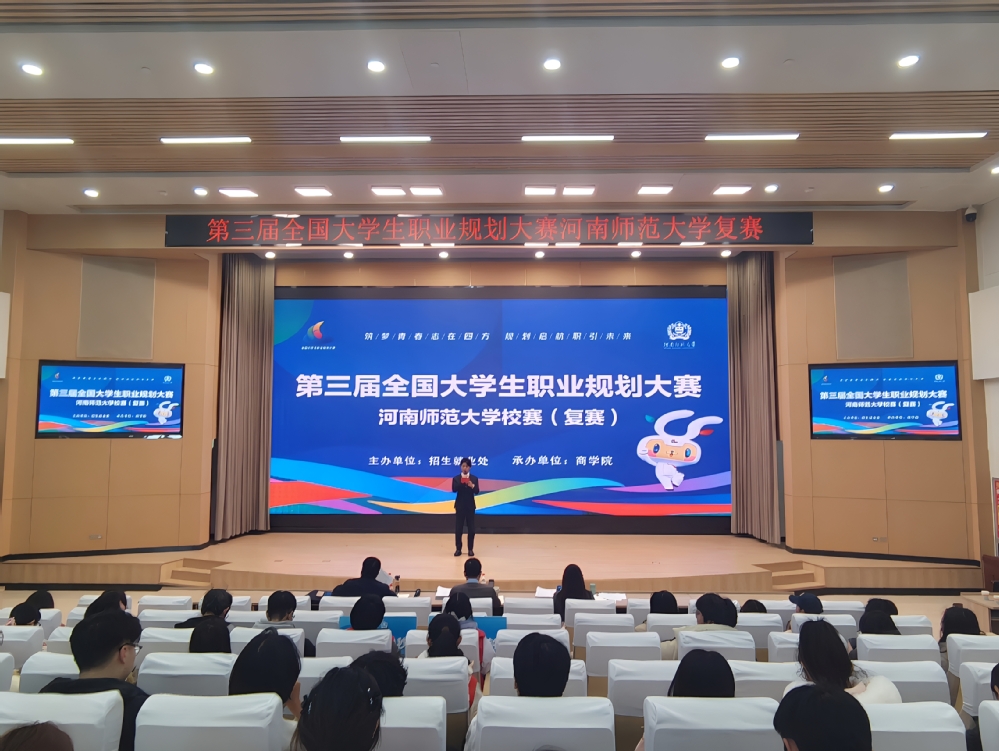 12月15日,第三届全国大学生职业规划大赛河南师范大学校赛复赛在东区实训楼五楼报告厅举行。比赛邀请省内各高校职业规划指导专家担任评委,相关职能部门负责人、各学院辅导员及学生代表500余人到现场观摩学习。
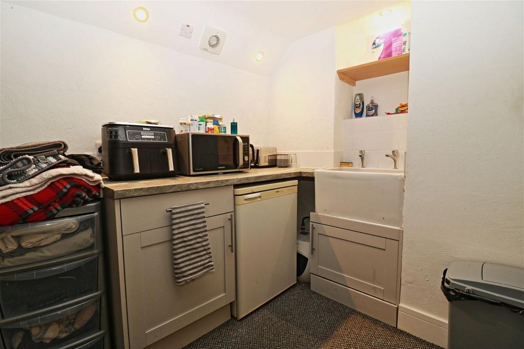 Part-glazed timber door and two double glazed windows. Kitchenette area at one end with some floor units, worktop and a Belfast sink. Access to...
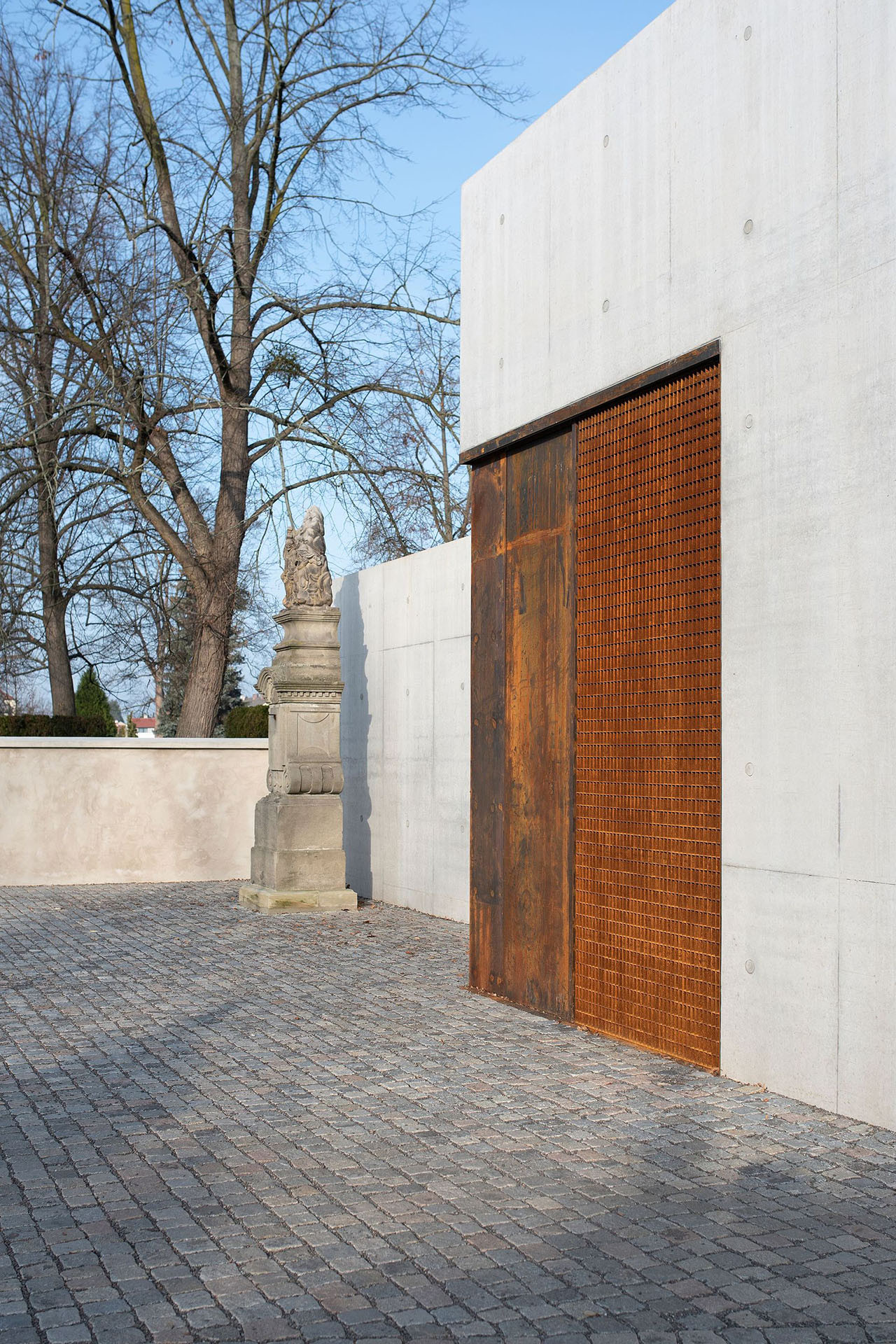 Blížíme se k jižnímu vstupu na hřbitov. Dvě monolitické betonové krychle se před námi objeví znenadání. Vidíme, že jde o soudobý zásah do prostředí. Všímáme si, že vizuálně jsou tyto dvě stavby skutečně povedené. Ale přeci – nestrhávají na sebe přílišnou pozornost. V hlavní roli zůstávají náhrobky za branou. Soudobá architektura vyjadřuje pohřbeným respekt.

-=-=-

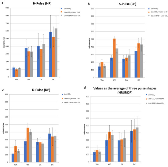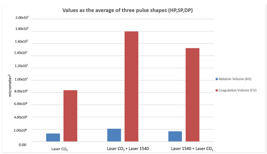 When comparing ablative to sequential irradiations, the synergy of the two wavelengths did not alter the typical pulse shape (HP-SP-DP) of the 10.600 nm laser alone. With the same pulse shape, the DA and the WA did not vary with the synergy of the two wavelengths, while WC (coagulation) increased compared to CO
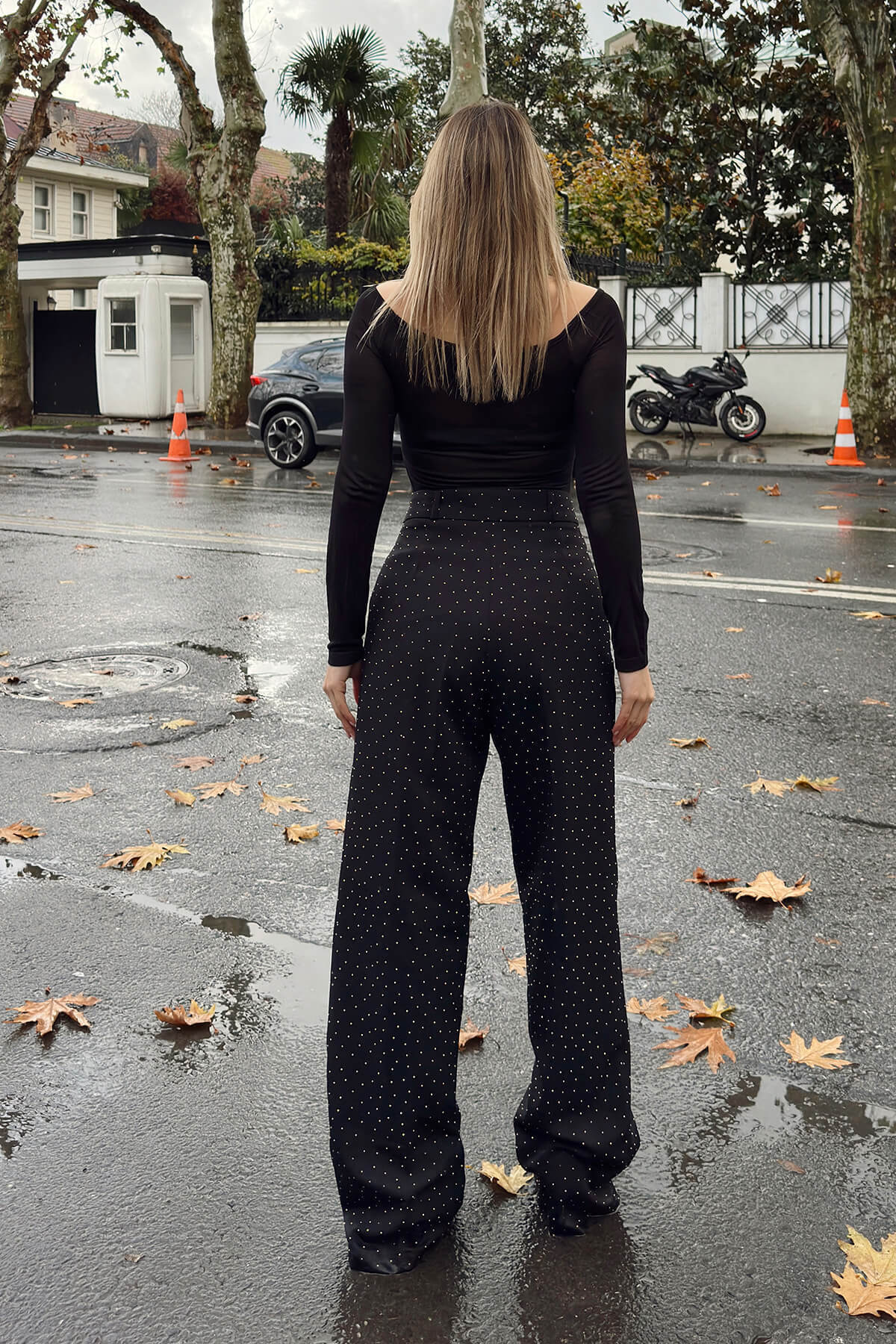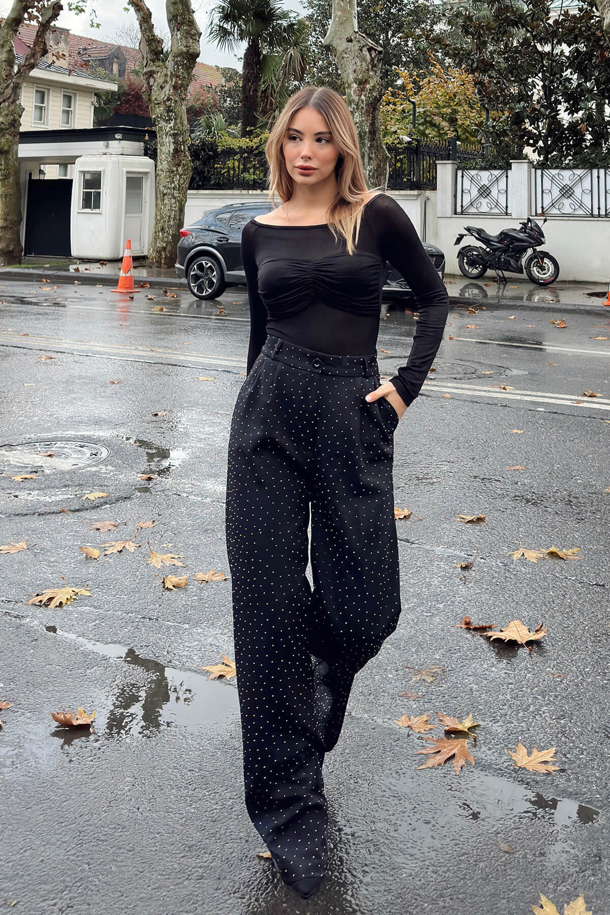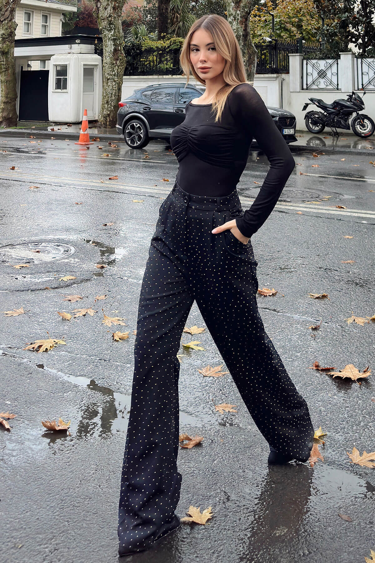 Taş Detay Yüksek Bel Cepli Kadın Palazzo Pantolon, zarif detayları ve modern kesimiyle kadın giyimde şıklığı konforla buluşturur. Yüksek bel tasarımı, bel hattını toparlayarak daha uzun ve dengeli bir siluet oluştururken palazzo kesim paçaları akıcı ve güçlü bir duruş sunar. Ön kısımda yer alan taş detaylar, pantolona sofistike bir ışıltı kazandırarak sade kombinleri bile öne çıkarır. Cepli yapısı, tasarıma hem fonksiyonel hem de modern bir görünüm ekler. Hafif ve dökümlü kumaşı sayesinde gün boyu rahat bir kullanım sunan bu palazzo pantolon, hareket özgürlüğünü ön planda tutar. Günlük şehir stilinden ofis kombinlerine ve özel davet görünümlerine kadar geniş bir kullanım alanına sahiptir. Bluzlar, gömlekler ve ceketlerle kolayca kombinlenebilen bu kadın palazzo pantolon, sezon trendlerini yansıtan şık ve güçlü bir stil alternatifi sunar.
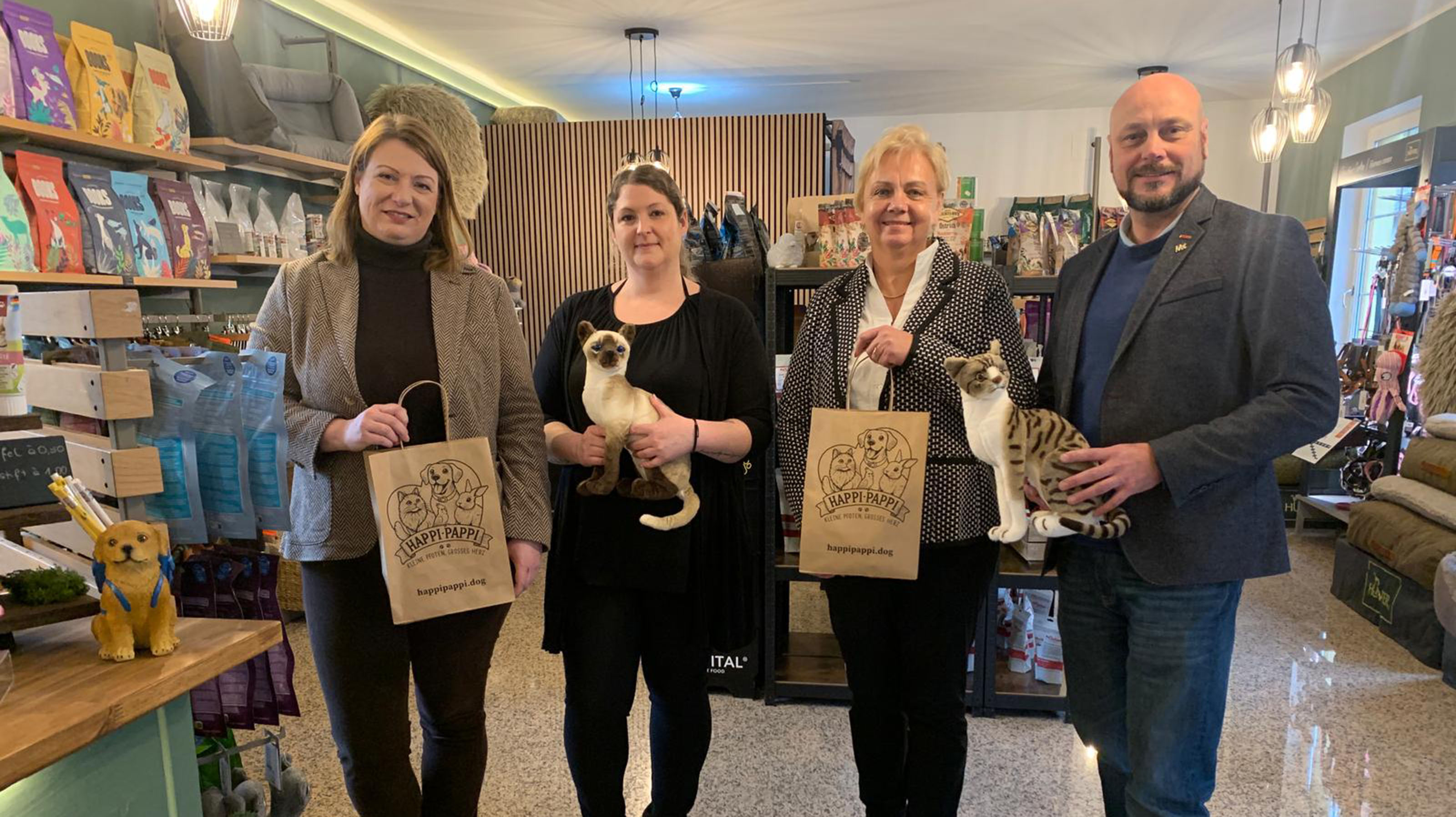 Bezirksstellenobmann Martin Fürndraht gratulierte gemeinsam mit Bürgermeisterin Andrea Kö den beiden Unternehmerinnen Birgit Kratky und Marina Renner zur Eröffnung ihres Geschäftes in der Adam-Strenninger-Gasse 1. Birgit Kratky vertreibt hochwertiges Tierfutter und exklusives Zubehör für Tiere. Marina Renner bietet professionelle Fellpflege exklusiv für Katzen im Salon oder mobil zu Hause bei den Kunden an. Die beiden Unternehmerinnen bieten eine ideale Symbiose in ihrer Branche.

-=-=-

_What to work on_
Give again the stretch of the entries above that begins at the line with "When comparing ablative" and ends at the line with "Bezirksstellenobmann Martin Fürndraht", word for word, with no pictures.

_Result for this task_
 When comparing ablative to sequential irradiations, the synergy of the two wavelengths did not alter the typical pulse shape (HP-SP-DP) of the 10.600 nm laser alone. With the same pulse shape, the DA and the WA did not vary with the synergy of the two wavelengths, while WC (coagulation) increased compared to CO
 Taş Detay Yüksek Bel Cepli Kadın Palazzo Pantolon, zarif detayları ve modern kesimiyle kadın giyimde şıklığı konforla buluşturur. Yüksek bel tasarımı, bel hattını toparlayarak daha uzun ve dengeli bir siluet oluştururken palazzo kesim paçaları akıcı ve güçlü bir duruş sunar. Ön kısımda yer alan taş detaylar, pantolona sofistike bir ışıltı kazandırarak sade kombinleri bile öne çıkarır. Cepli yapısı, tasarıma hem fonksiyonel hem de modern bir görünüm ekler. Hafif ve dökümlü kumaşı sayesinde gün boyu rahat bir kullanım sunan bu palazzo pantolon, hareket özgürlüğünü ön planda tutar. Günlük şehir stilinden ofis kombinlerine ve özel davet görünümlerine kadar geniş bir kullanım alanına sahiptir. Bluzlar, gömlekler ve ceketlerle kolayca kombinlenebilen bu kadın palazzo pantolon, sezon trendlerini yansıtan şık ve güçlü bir stil alternatifi sunar.
 Bezirksstellenobmann Martin Fürndraht gratulierte gemeinsam mit Bürgermeisterin Andrea Kö den beiden Unternehmerinnen Birgit Kratky und Marina Renner zur Eröffnung ihres Geschäftes in der Adam-Strenninger-Gasse 1. Birgit Kratky vertreibt hochwertiges Tierfutter und exklusives Zubehör für Tiere. Marina Renner bietet professionelle Fellpflege exklusiv für Katzen im Salon oder mobil zu Hause bei den Kunden an. Die beiden Unternehmerinnen bieten eine ideale Symbiose in ihrer Branche.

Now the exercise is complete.